Shell Nigeria Exploration and Production Company Limited (SNEPCo) has achieved a significant milestone as its Bonga field, Nigeria’s first deep-water development, hit a record high production of 138,000 barrels per day in 2023.

This represents a substantial increase when compared to 101,000 barrels per day produced in the previous year.

The improvement in production is attributed to various factors, including the drilling of new wells, reservoir optimization, enhanced facility management, and overall asset management strategies.

Elohor Aiboni, Managing Director of SNEPCo, expressed pride in Bonga’s performance, stating that the increased production underscores the commitment of the company’s staff and its continuous efforts to enhance production processes and maintenance.

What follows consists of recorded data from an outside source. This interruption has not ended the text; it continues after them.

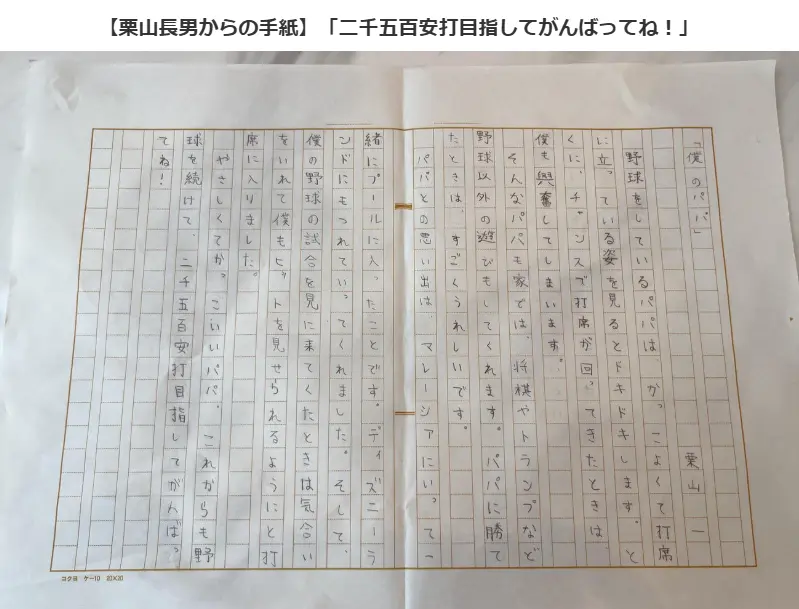 2021年9月5日掲載の日刊スポーツ「【栗山長男からの手紙】「二千五百安打目指してがんばってね!」」では、2000安打達成時に叙気の画像のように長男・一君の手紙が全文公開されました。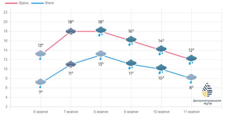 7 жовтня суттєвих опадів не очікується. Температура вдень ще залишаться в межах 17..22°.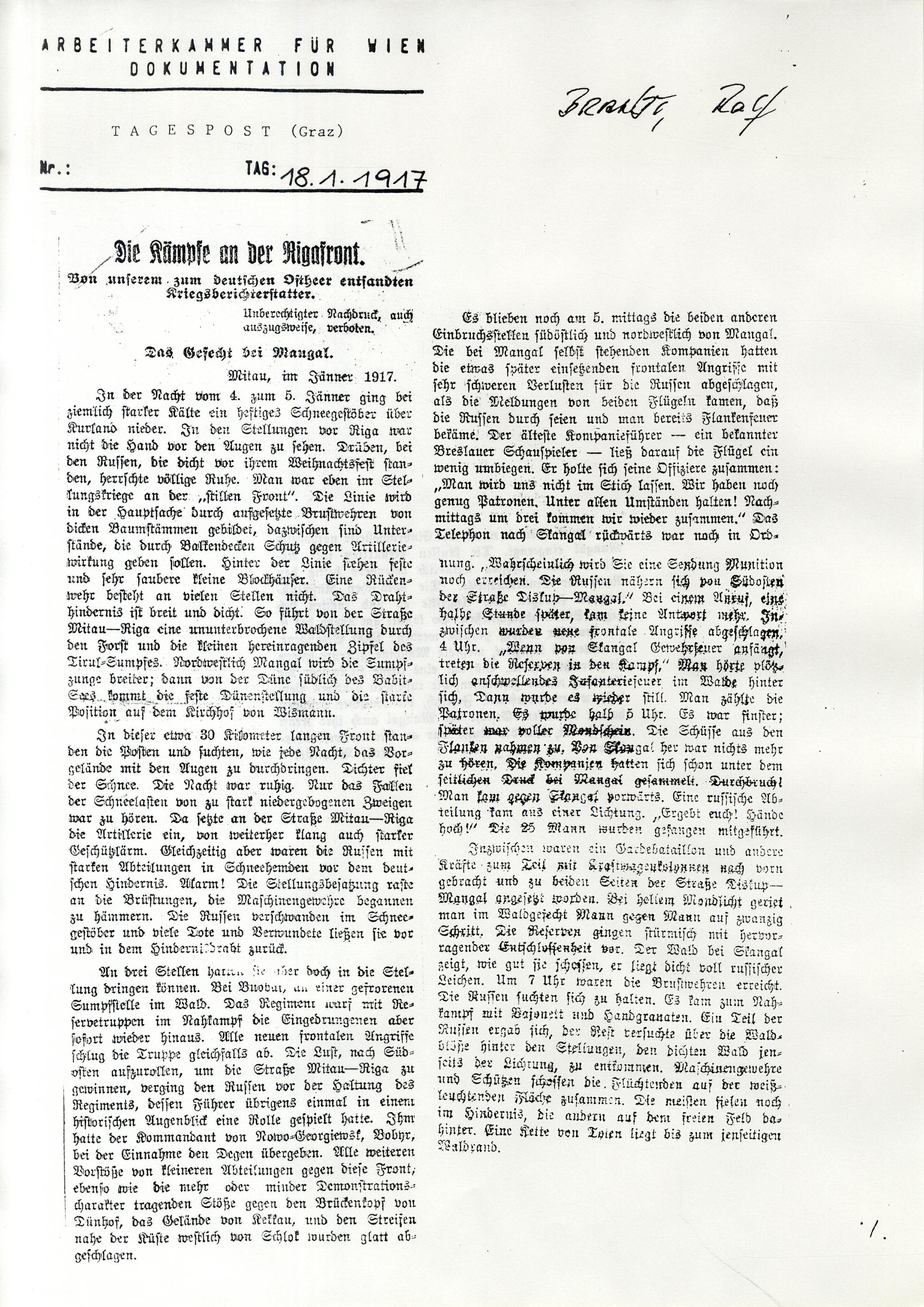 1917 (1917) Erster Weltkrieg : [Sammlung von Zeitungsartikeln]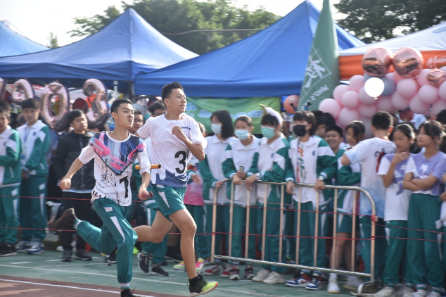 全校3000余名师生参加此次盛会。数百名运动员按照年级分为四组,参加4*200米接力赛金、银、铜牌的角逐。参赛选手们在裁判的一声令下,像离弦的箭一样向前冲去,引得围观的师生尖叫不已。红白跑道上硝烟弥漫,选手们个个奋勇争先,各班大本营的拉拉队挥舞着手臂,大声为本班参赛选手呐喊助威,田径场热闹非凡。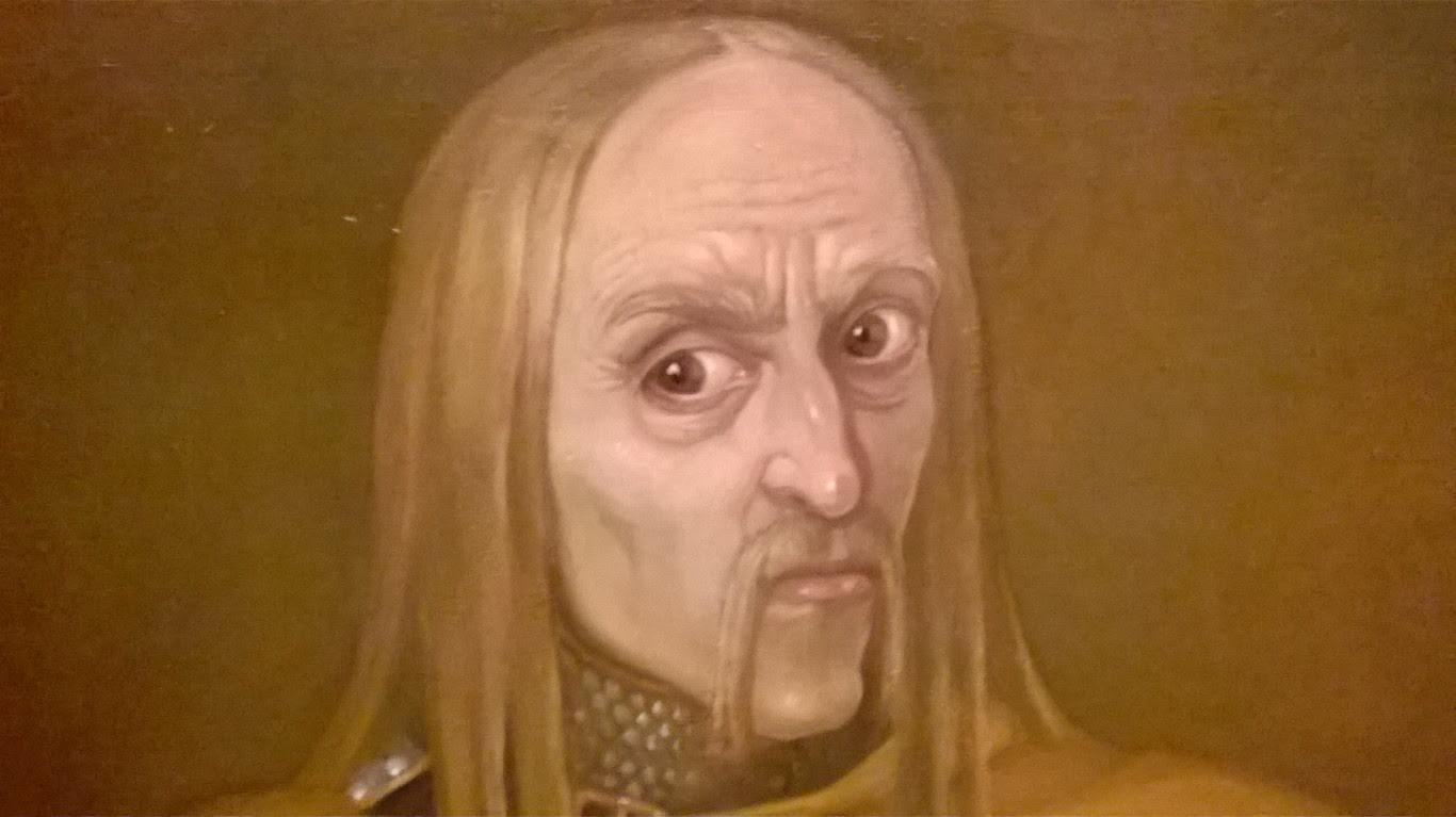 Portrety lokalnych władców. Książę Rudolf. W podpisie, że był „mężny i pobożny”. Po co pisać? Przecież to widać.: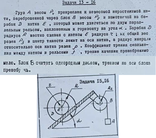Груз А весом Р, прикреплен к невесомой нерастяжимой нити, переброшенной через блок В весом Р2 и намотанчой на барабан D катка Е , который может двигаться по двум параллельным рельсам, наклоненным к горизонту на угол α . Барабан D радиуса R жестко связан с катком Е радиуса r; их общий вес равен Р3 и центр тякести лежит на оси катка, а радиус инерции относительно оси катка равен ρ. Коэффициент трения сколькения между катком и рельсами f, трение качения пренебрежимо мало. Блок В считать однородным диском, трением на оси блока пренебречь. Предполагая, что системы начинают двикение из состояния покоя, необходино найти: 1. Уравнения движения катка Е. 2. Давление на ось блока В.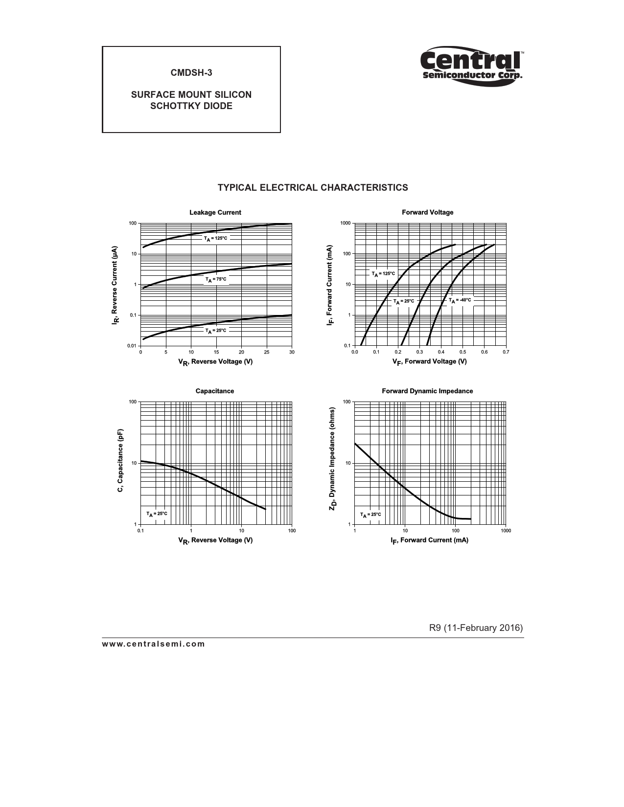 CMDSH-3. SURFACE MOUNT SILICON. SCHOTTKY DIODE. TYPICAL ELECTRICAL CHARACTERISTICS. w w w. c e n t r a l s e m i . c o m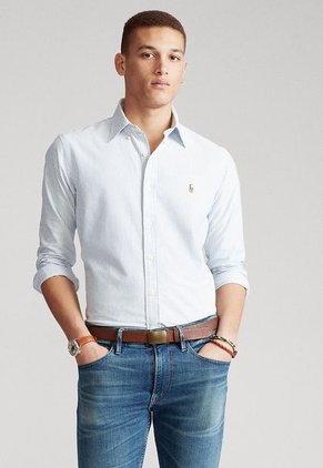 Luce lo mejor de la moda masculina con Polo Ralph Lauren. Esta camisa de tonos claros te brinda un estilo natural debido al corte clásico y sutil con el que fue confeccionada. Cuenta con botones blancos para resaltar su diseño y el habitual logo de Polo Ralph Lauren bordado en el pecho. La puedes vestir en cualquier tipo de ocasión formal y destacar entre los invitados.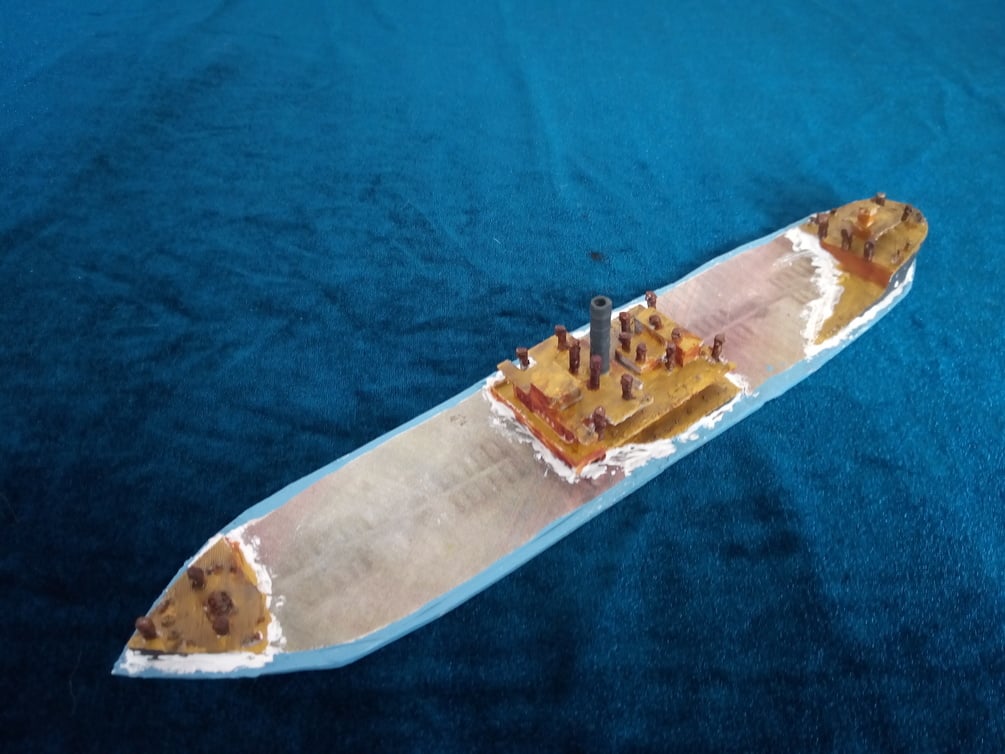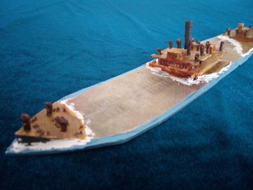 Unpainted 3D printed model of Blockship. This is based upon my Ferris Cargo ship. The lifeboats shown in the picture will be removed from the model you get! You then need to glue the last image onto card (I can also send you this image) and then glue these parts to it. The sea effect is added with filler. The bow is modeled on a different plane to represent the ship having broken its back when sunk. The other pictures are to show the quality of the 3D print process.
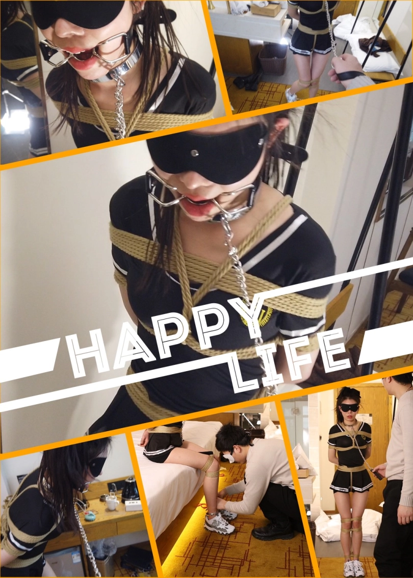 这身黑色的运动装扮在加上紧缚的绳索和超短的脚镣和开口器。啧啧!
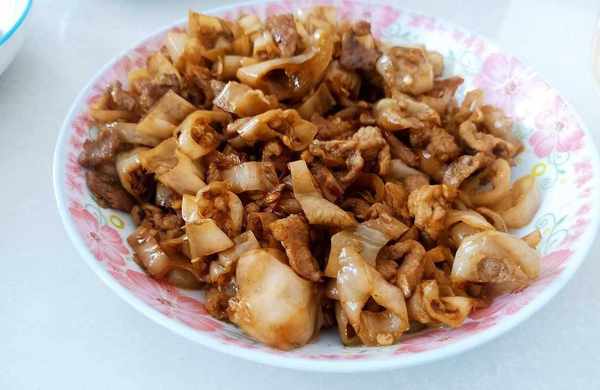 第四步:放入白辣椒炒一會,加入適量鹽炒均勻,倒入瘦肉、生抽、老抽炒均勻就可以出鍋瞭。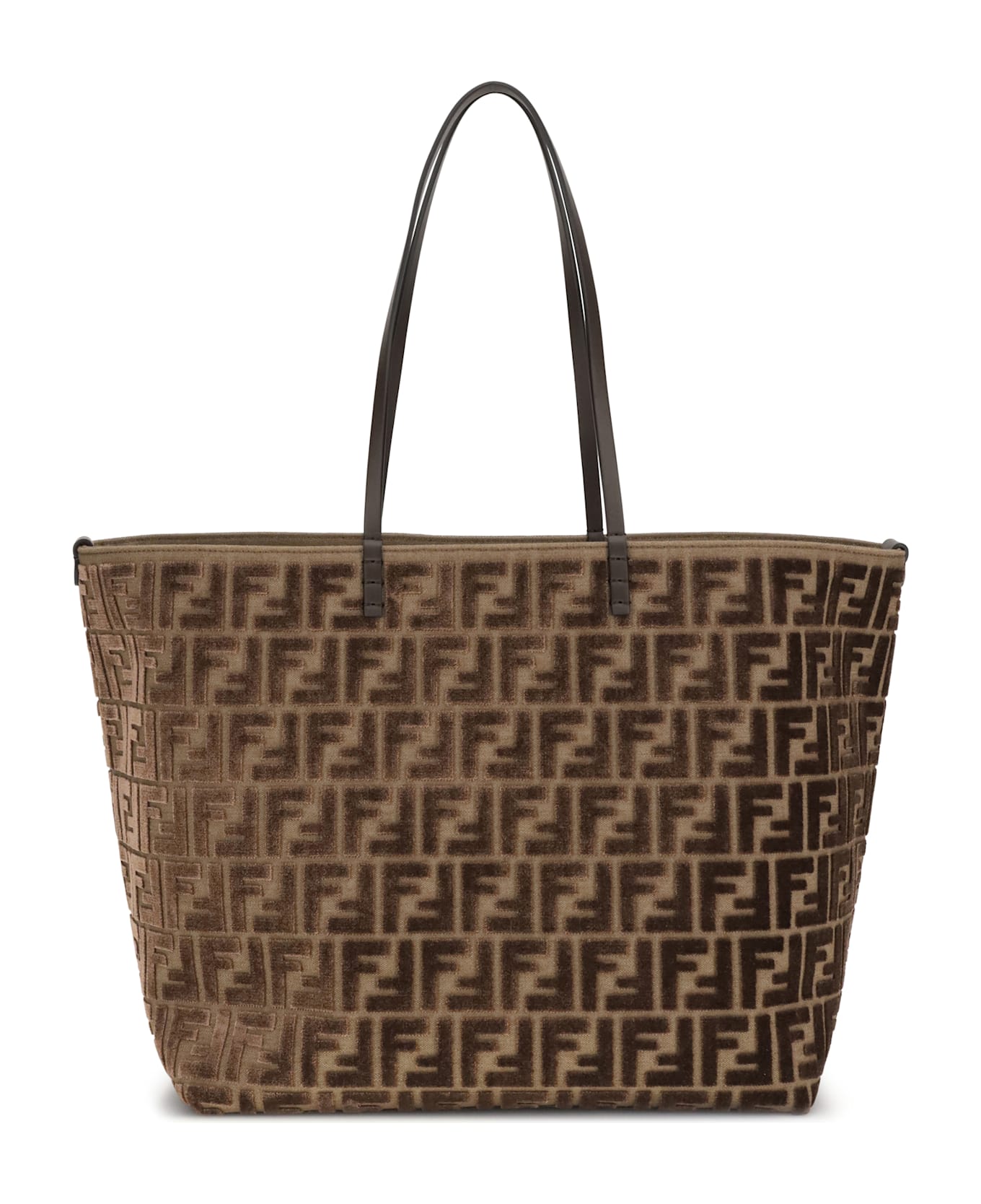 Tote bag by fendi is made with the iconic ff all-over printed chenille pattern, creating a luxurious and sophisticated effect. featuring two flat leather handles, this bag combines practicality and elegance. the interior features a single compartment, ideal for simple yet functional organization. the minimalist design and quality materials make this tote a versatile and distinctive accessory, perfect for those seeking a touch of everyday class.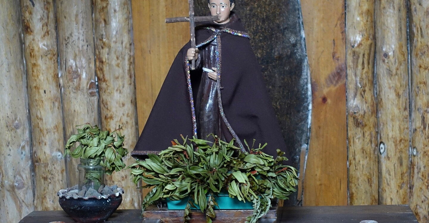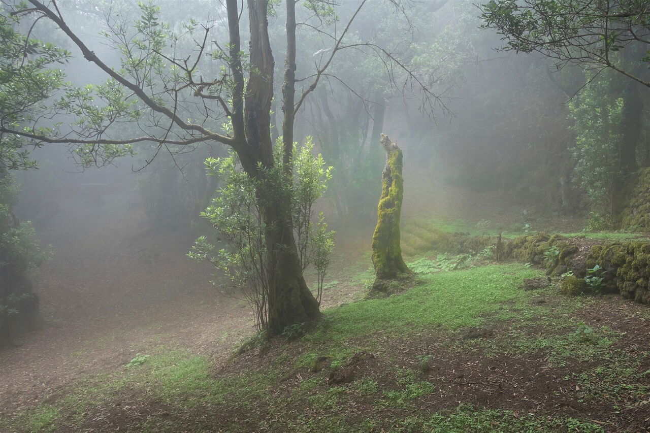 Nach 700 m auf der Straße zweigt ein 3 m breiter Pfad nach rechts ab, der in seinem weiteren Verlauf über Lapilli bis zur (04) Ermita San Salvador (1276 m) führt. Je nach Wetterlage hat uns der Nebelwald wieder eingefangen.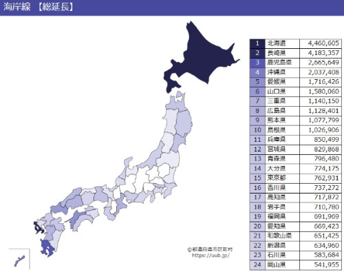 그런데 해안선 기준을 따지면 홋카이도 바로 다음이 나가사키입니다. 그것도 아주 근소한 차이로 말입니다.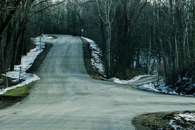 Keywords: road trees winter woods forest rural country turn environment asphalt pavement path route lane travel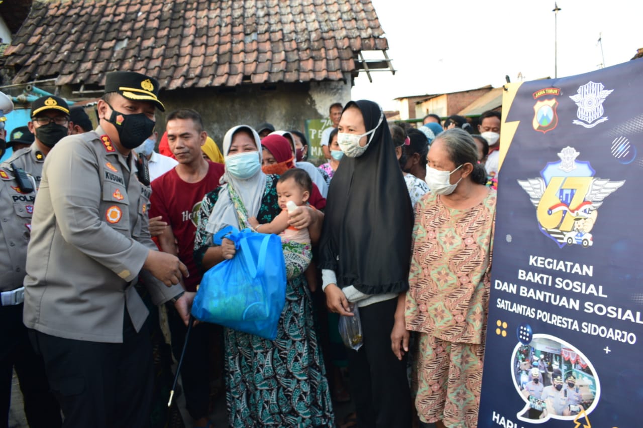Dampak penyesuaian harga Bahan Bakar Minyak (BBM) bagi masyarakat kurang mampu, mengundang kepedulian Polresta Sidoarjo bersama Alumni Universitas 17 Agustus (Untag) Surabaya. Kedua pihak turun bersama membagikan bantuan sosial (bansos) paket sembako ke masyarakat.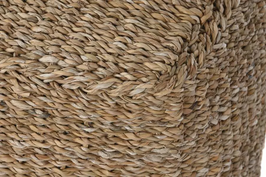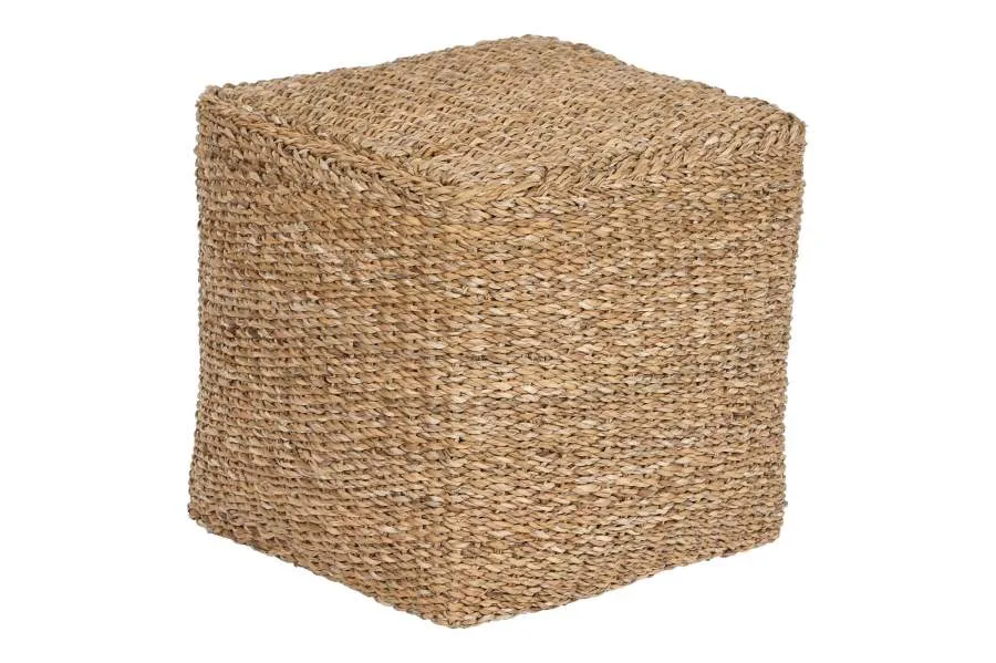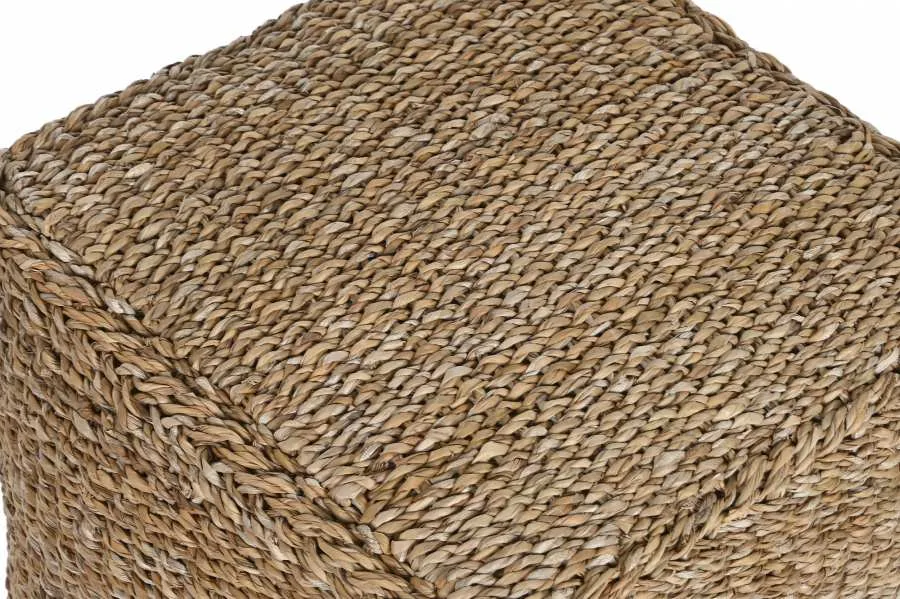 Reposapiés de seagrass y algodón en color natural, con un acabado artesanal y textura orgánica. Su formato cuadrado y compacto lo hace igual de útil como reposapiés, asiento auxiliar o elemento decorativo en salones y dormitorios que buscan un puf de fibra natural con un toque étnico y sostenible.

Aiboni also acknowledged the support of the Nigerian National Petroleum Company Limited and SNEPCo’s co-venture partners, including TotalEnergies Nigeria Limited, Nigerian Agip Exploration, and Esso Exploration and Production Nigeria Limited.

The Bonga field, which commenced production in November 2005, operates through the Bonga Floating Production Storage and Offloading (FPSO) vessel, with a capacity of 225,000 barrels per day.

Located 120 kilometers offshore, the FPSO has been a key contributor to Nigeria’s oil production since its inception.

Last year, the Bonga FPSO reached a significant milestone by exporting its 1-billionth barrel of oil, further cementing its position as a vital asset in Nigeria’s oil and gas sector.